As you say sometimes its just becuase they are selfish people, sometimes it may be due to a lack of attention at home, from family members .etc. 
But they may have ADD (attention deficit disorder), this is where they will do almost ANYTHING to get attention.
I've met someone like this as well and she didnt just birng every conversation back round to her, but she would self harm and show everyone! Blaming it on the most random people and making sure that everyone new about it. She would come into college telling people that she had just OD, on the way back from a college trip in germany, she pretended to have a panic attack on the plane, (i know that it was a pretend, because she had had an argument with the teacher ealier and told me that she was going to humilate her and make her feel bad for having ago at her, and she later told me that she had faked it).

However im not sure if you can help people like this? I tried to help her, i'd talk to her when ever she needed me, but it seems that me giving her the attention to try and help her just made it worse. but as soon as i stopped trying to help her (it all got a bit much, i decided that everything she was doing was too much pressure and she needed professional help, my attempt wasnt going to be good enough). anyway, when i stopped trying to help, she ended up getting kicked out and went to a new college where she got known as the college slut as she slept with almost everyone and made sure that everyone knew her name!


----------



## viva

I am guilty of this myself, sometimes, which makes me more likely to notice when others are attention-seekers.

Honestly, I think those who don't do it are far less likely to take notice or be bothered by it, while those who do it will notice when others do and be annoyed because it takes the opportunity away from themselves. Just my opinion.


----------



## heartturnedtoporcelain

hmm I'm like that to a degree and only in certain circumstances. I always feel guilty afterwards because I wonder if I was annoying people. I've often sought the opinion of people at the gathering - basically asking them whether I was being obnoxious in how much I talked about myself.


----------



## TheYellow

Attention seeker reporting in for duty, sir and or sirette.

I don't know what drives it, but it seems that some people have it, and some people don't. I think it stems from not having internal peace. When conflicted we look to others to tell us what we need to do to be; accepted, happy, funny, etc. Which of course works but does not fix the initial problem. So we get louder and more obnoxious until someone recognizes the inner pain.


----------



## SlimJim

There is a book out called "The Narcissism Epidemic". It's a really good read. 

Most attention-seekers have low self-esteem. They need affirmation from others because they don't get it from themselves. 

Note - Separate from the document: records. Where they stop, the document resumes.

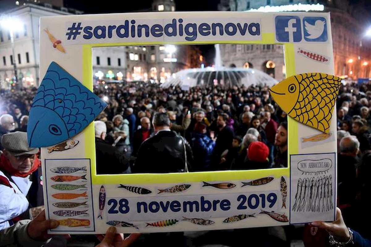 GENOVA – Giovani, anziani, bambini, famiglie, studenti e professionisti con in mano sardine di tutte le dimensioni e di tutti i colori hanno cantato Bella Ciao in piazza a Genova la sera di givedì 28 novembre. Sono state 8 mila le ‘sardine di Genova’. “No al sovranismo, al populismo, no all’odio, no al razzismo, no alla discriminazione” dice Roberto Revelli, un educatore che per primo ha lanciato l’evento su Facebook due settimane fa. Tanti striscioni come quello tenuto in mano dagli organizzatori: “Voi non avete fermato il vento, gli avete fatto perdere tempo” che cita Fabrizio De André.
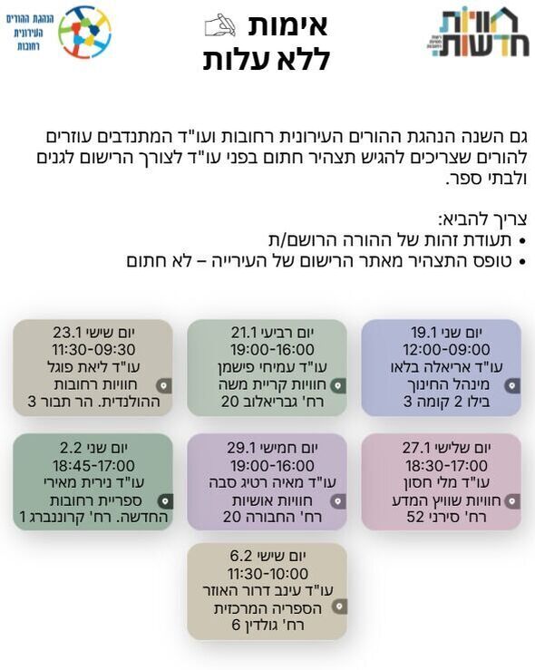 הנהגת ההורים ברחובות תעניק גם השנה שירות ללא עלות להורים הזקוקים לחתימת עו"ד לצורך תצהיר הרישום למוסדות החינוך
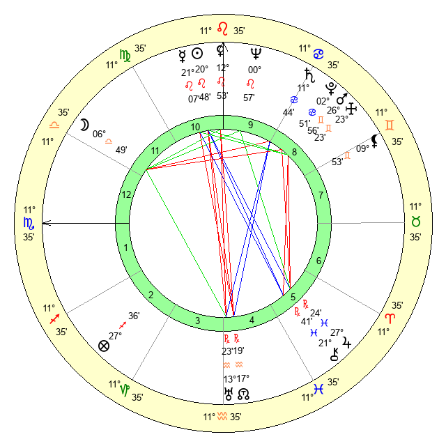 | Moon | 6 Libra 52 | 2 Taurus 2 | 13 Libra 38 |
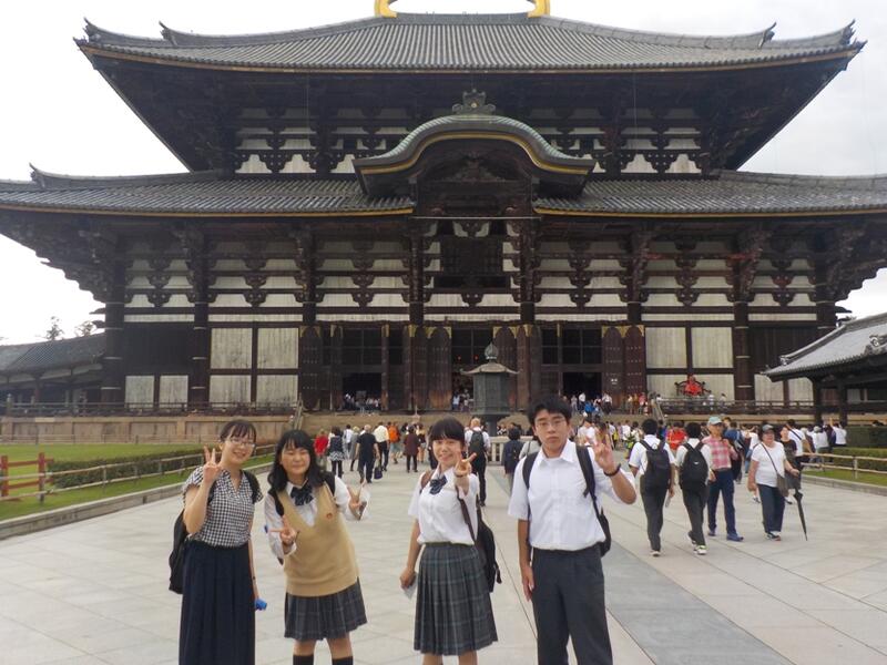 京都駅からはバスで、A・C組は宇治の平等院、B組は法隆寺、D・F組は薬師寺に向かいました。その後、全クラスが奈良公園に集まり、東大寺の大仏や興福寺、春日大社など見学し、奈良公園の鹿と戯れました。京都に戻り、大江能楽堂で能体験をしました。宿に着いてからは京風すき焼きをおなか一杯食べ、就寝までの時間、部屋や地下の大広間で楽しい時間を過ごしました。

It's not always unhealthy, though and doesn't necessarily mean something is wrong with that person. It's only unhealthy when it starts interfering with personal relationships and/or occupation. 

Some people take attention seeking to such a degree that even when they are in the spotlight that is not enough. They feel they must be the only one in the spotlight. These are probably the unhealthiest of all the attention seekers and are extremely toxic to the people around them. Ever hear of Terrell Owens? The sad part is, their narcissism is fueled even more buy their fans.


----------



## Cleo

Sounds like a cluster b personality disorder. It could be one from the other clusters though. If this person is not just an extrovert who thrives on interaction and does have a personality disorder, then the only thing you can do is RUN! the other direction as far as you can go and never look back. They will never admit to doing anything wrong and think that everyone around them is the problem and will continuously stir things up just for the opportunity to insult others. Trust me, if this is the case take my advice and run.


----------



## Cleo

SlimJim said:


> There is a book out called "The Narcissism Epidemic". It's a really good read.
> 
> Most attention-seekers have low self-esteem. They need affirmation from others because they don't get it from themselves.
> 
> It's not always unhealthy, though and doesn't necessarily mean something is wrong with that person. It's only unhealthy when it starts interfering with personal relationships and/or occupation.
> 
> Some people take attention seeking to such a degree that even when they are in the spotlight that is not enough. They feel they must be the only one in the spotlight. These are probably the unhealthiest of all the attention seekers and are extremely toxic to the people around them. Ever hear of Terrell Owens? The sad part is, their narcissism is fueled even more buy their fans.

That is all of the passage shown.